Peripheral endothelial dysfunction in myalgic encephalomyelitis/chronic fatigue syndrome.
Scherbakov, Nadja, Szklarski, Marvin, Hartwig, Jelka et al. · ESC heart failure · 2020 · DOI
Quick Summary
This study looked at blood vessel function in people with ME/CFS by measuring how well small arteries in the arm respond to increased blood flow. Researchers found that about half of ME/CFS patients had abnormal blood vessel responses, compared to only 20% of healthy people. People with this blood vessel problem reported more severe fatigue, more frequent need for rest breaks, and worse immune-related symptoms like sore throat and swollen lymph nodes.
Why It Matters
Endothelial dysfunction is an established cardiovascular risk factor; identifying it in over half of ME/CFS patients suggests a potential mechanism linking ME/CFS to vascular complications and may explain symptoms like orthostatic intolerance. This finding opens investigation into whether treating vascular dysfunction could improve ME/CFS outcomes and reduce long-term cardiovascular risk in this population.
Observed Findings
Peripheral endothelial dysfunction present in 51% of ME/CFS patients versus 20% of healthy controls
Patients with ED reported more severe disease (Bell score 31±12 vs 40±16) and greater fatigue symptoms requiring more frequent breaks
ED correlated with immune-associated symptoms including sore throat and painful lymph nodes
Five of six patients with ED who received immunoadsorption showed endothelial function improvement over 12 months
No differences in inflammatory markers (sVCAM, sICAM) between ED and non-ED patient groups
Inferred Conclusions
Peripheral endothelial dysfunction is a frequent and significant pathophysiological feature in ME/CFS, associated with disease severity and immune symptom burden
The improvement in endothelial function following immunoadsorption in a subset of patients suggests a potential immune-mediated mechanism underlying ED in ME/CFS
Endothelial dysfunction in ME/CFS may represent an important cardiovascular risk factor warranting further investigation and potential clinical monitoring
Remaining Questions
Does peripheral endothelial dysfunction precede ME/CFS development, or does it develop secondary to the disease?
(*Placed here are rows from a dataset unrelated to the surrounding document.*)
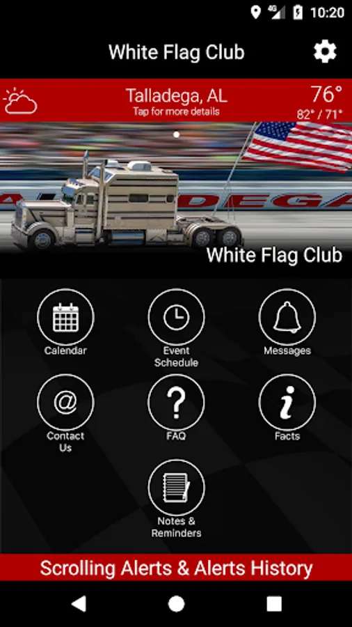 The White Flag Club is a Volunteer Group associated with the Talladega Superspeedway. Volunteers assist the track throughout the year but primarily during race events. This app is for members and track employees to keep up with each other and to have access to important contacts throughout the race week. A password is required and can be obtained from the Club President.
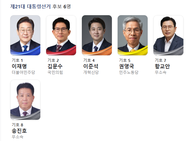 이번 21대 대통령 선거는 대한민국의 미래를 좌우할 중대한 결정입니다. 각 후보의 공약과 비전을 꼼꼼히 비교하며, 현명한 선택을 하시길 바랍니다.
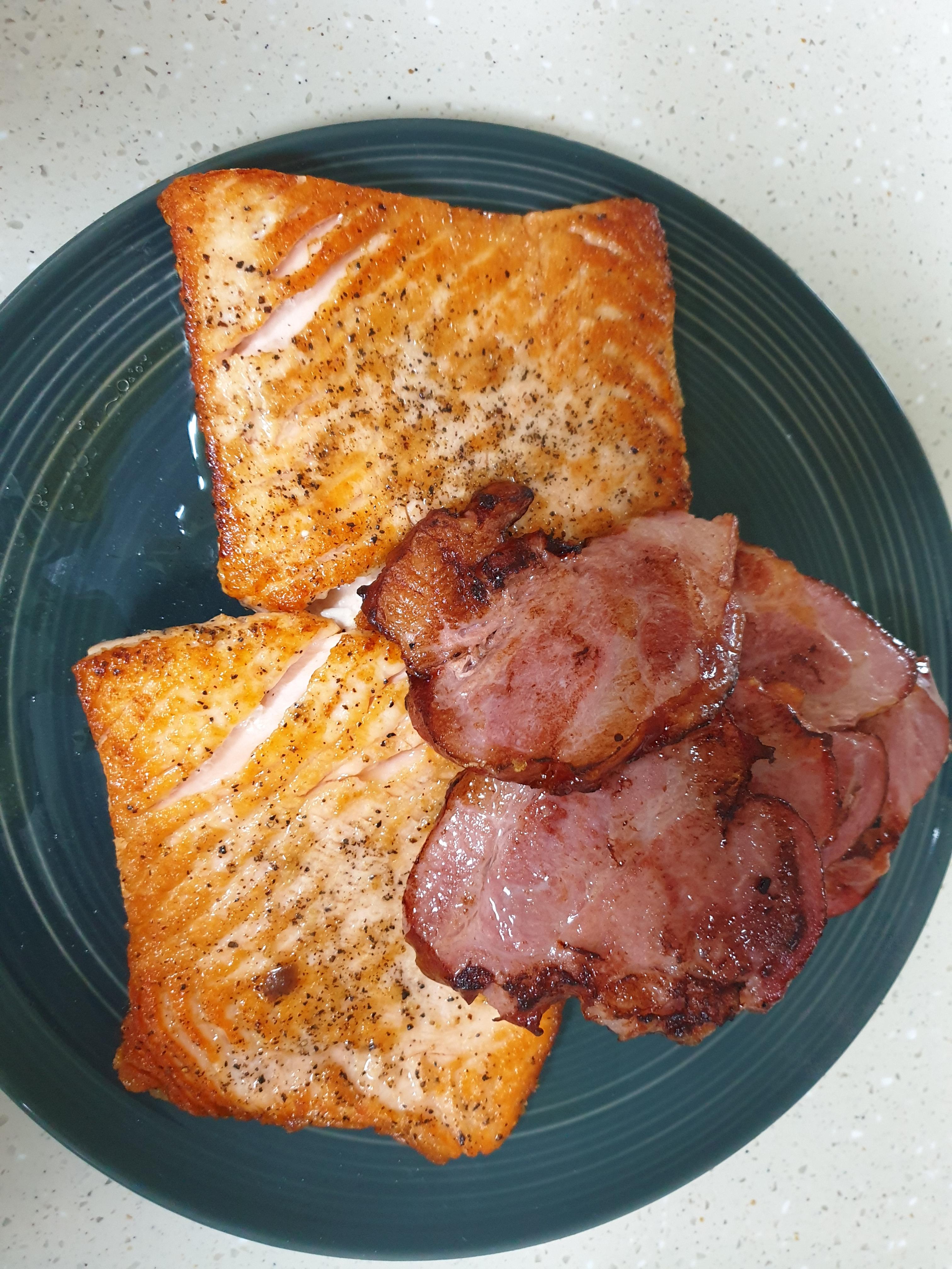 건강에도 좋고 맛도 좋은 연어랑 훈제 목살이다.
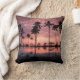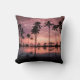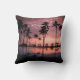 Coastal Tropical Beach with Palm Trees and Sunset Throw Pillow

Do ME/CFS patients with endothelial dysfunction experience increased cardiovascular morbidity and mortality compared to those without ED?
What This Study Does Not Prove
This study cannot prove that endothelial dysfunction causes ME/CFS severity or that it directly causes cardiovascular disease in ME/CFS patients—only that the two are associated. The small immunoadsorption subgroup (n=6) limits conclusions about whether treating immune dysfunction improves endothelial function. Cross-sectional design prevents determination of whether ED develops before, during, or after ME/CFS onset.
What specific immune mechanisms drive endothelial dysfunction in ME/CFS, and can immunotherapies beyond the tested immunoadsorption improve vascular function?
Does treatment of endothelial dysfunction improve ME/CFS symptom severity and functional capacity?